C'est la première chose qui m'est venue à l'esprit en découvrant les pages dessinées par Stassen. Il explique une manifestation qui s'est déroulée à Bruxelles, et qui était organisée par des africains qui protestent contre la politique de l'état du Congo. Pour faire cela, il donne la parole aux africains qu'il a rencontré. Cela donne une suite d'images assez statique, envahies par un texte pléthorique.
Sur le plan journalistique, c'est très correct, mais est-ce que cela a un intérêt en bandes dessinées ? Le meilleur vecteur d'un tel reportage aurait plutôt été un petit film, ou alors un article écrit avec quelques photos. Cette BD n'est donc (à mon avis) pas une véritable réussite. Il suffit de comparer avec certains albums de Stassen, qui
racontent l'histoire d'enfants africains et qui sont de véritables petits chefs d'oeuvre.
On trouve aussi dans cette revue une courte biographie racontée en BD. C'est un genre qui est bien connu, et qui se rapproche des
Histoires de l'Oncle Paul (cette comparaison n'étant pas péjorative pour moi). C'est à ce registre qu'appartiens "Face B", une courte évocation de la vie du musicien Moondog, qui est réalisée par Moog et Le Gouefflec.
Les BD les mieux réussies sont probablement celles qui racontent une expérience. C'est pas exemple le cas de "Terres australes" de Christian Cailleaux, qui présente en image un voyage vers les îles françaises proches de l'Antarctique. La Bd permet alors de construire un récit concis, nuancé, précis et jamais ennuyeux.
Parfois, il y a de fausses bonnes idées, comme par exemple "Passion Byte" qui raconte l'histoire de l'informatique. La BD est un excellent moyen de résumer une histoire longue et complexe, et l'usage d'un dessin synoptique donne même l'impression qu'il s'agit d'un exposé théorique. Hélas, il faut tout de même avoir un certain talent de conteur, si on veut que le résultat soit intéressant.
D'une autre côté, certains dessinateurs ne peuvent s'empêcher de garder une démarche artistique. C'est le cas de l'excellent Jorge Gonzalez qui raconte les derniers jours d'Allende, et l'intérêt nait alors de la correspondance (ou du constraste) entre le style et le sujet qui est raconté.

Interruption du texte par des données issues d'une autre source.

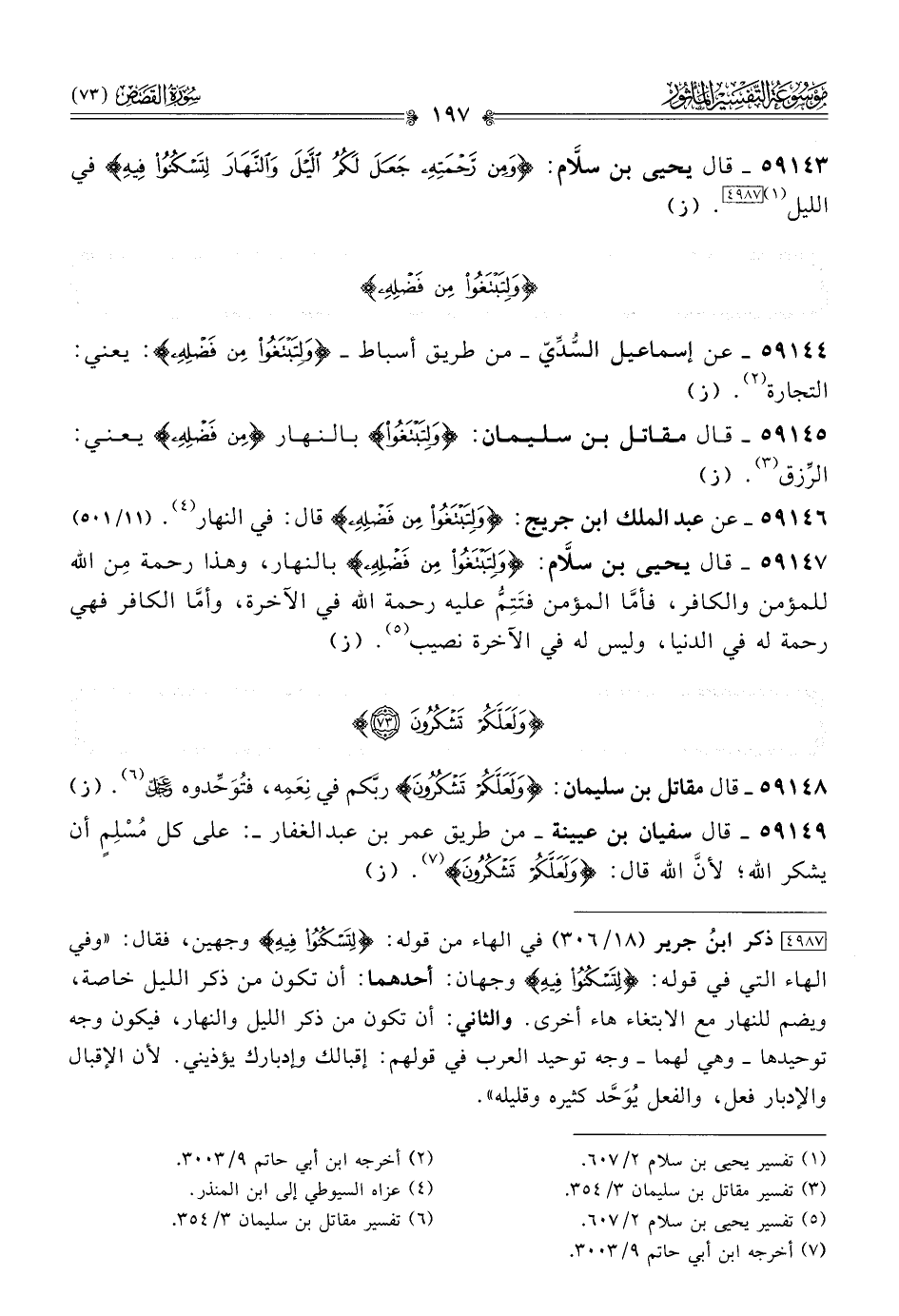 ٥٩١٤٥ - قال مقاتل بن سليمان: {ولتبتغوا} بالنهار {من فضله} يعني: الرِّزق (¬٣). (ز)

Il y a donc tout cela, ainsi que beaucoup d'autre BD plus ou moins intéressantes, dans la
Revue Dessinée. Il faut toutefois reconnaître à cette publication l'immense mérite d'effectuer un véritable travail de défrichage dans le domaine du reportage. Le résultat n'est pas inintéressant, loin de là, mais il y plus de bonne volonté que de belles trouvailles. La faculté d'intéresser le grand public va être le principal défi à relever pour cette équipe, je pense, si elle souhaite pérenniser ce genre de publication.